I'll catch-up with the story of our travels from where I left off last September, but we are still in Spain & after a couple of months of summer, have a few personal musings:

A few observations from a few summer weeks in Spain:

  • You cannot obtain cold water from the cold tap
  • You take a shower in this tepid water as it's at a comfortable temperature
  • Rarely do homes have ovens or vacuum cleaners
  • There are lots of ants
  • You don't leave food out, or leftovers on plates, or you'll have ants just where you don't want them
  • There are small ants that work in teams & march in long trails to/from their nest; there are bigger ants who seem to go it alone & massive black, proper ant-shaped ants striding out on their mission
  • It's fascinating to watch ants drag/push lumps of edibles towards their nest
  • Ants bite
  • Flies bite
  • Jumping spiders are fast, & they also bite
  • Wasps are attracted to dog meat
  • Agua de Colonia is safe for, & used on babies, but will stop insects dead instantly, quite literally
  • Damp washing dries in a few minutes, sheets off & on the bed in the same day
  • You don't have to think what to wear in anticipation of changeable weather, the same light clothes & sandals, day in & day out
  • You lightly wash the sweat out of clothing before the item is dirty
  • You don't wear much whilst at home anyway - time to ditch my summer wardrobe?

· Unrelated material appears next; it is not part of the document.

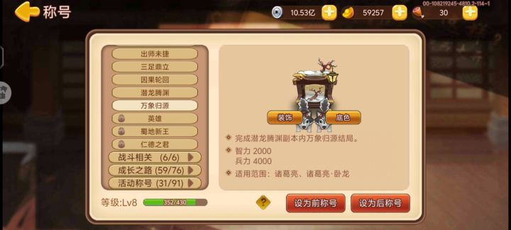 第六轮,从第三章开始打,询问意见-劝阻-王平,获得称号潜龙腾渊

  • You wake to day after day of hot, clear sunny weather
  • When will it rain?
  • It's impossible to sit in the sun, unless very early or late
  • You retreat into the house in the heat of the day, shutters down
  • You spend more time sitting outside enjoying the cool of the night
  • You live between inside & outside, under the shade of the terrace in the breeze
  • A damp cloth on the back of the neck works wonders to help keep you cool - especially when the fan is on it
  • Feet in a bowl of water with ice cubes will also make you feel cooler
  • I can't remember the last time I shivered
  • Less PG Tips are drunk & more water, orange juice & beer
  • It's great to sit outside at night & be plenty warm enough, nicely cool after the heat of the day
  • The nights are lovely & cool so I stay up later, then sleep in & miss the deliciously cool morning
  • I need a siesta each day to enjoy both early mornings & late nights - how can I do my work around that...
  • Bin men work in the middle of the night
  • You seek shade when deciding where to park the car
  • You don't need anything, but visit the shopping centre just to enjoy the aircon
  • It's a pain to have to take rubbish to the municipal bins & drive around with a bag of recycling in the back of the car for days on end
  • I sit more, just sitting & not doing
  • We go out more & enjoy a beer &/or a meal
  • Spanish drivers are impatient, don't indicate & do tailgate
  • Motorists speed & keeping-up with traffic - we got a speeding fine
  • Spanish people are friendly
  • There are fields of sunflowers
  • What isn't there to like?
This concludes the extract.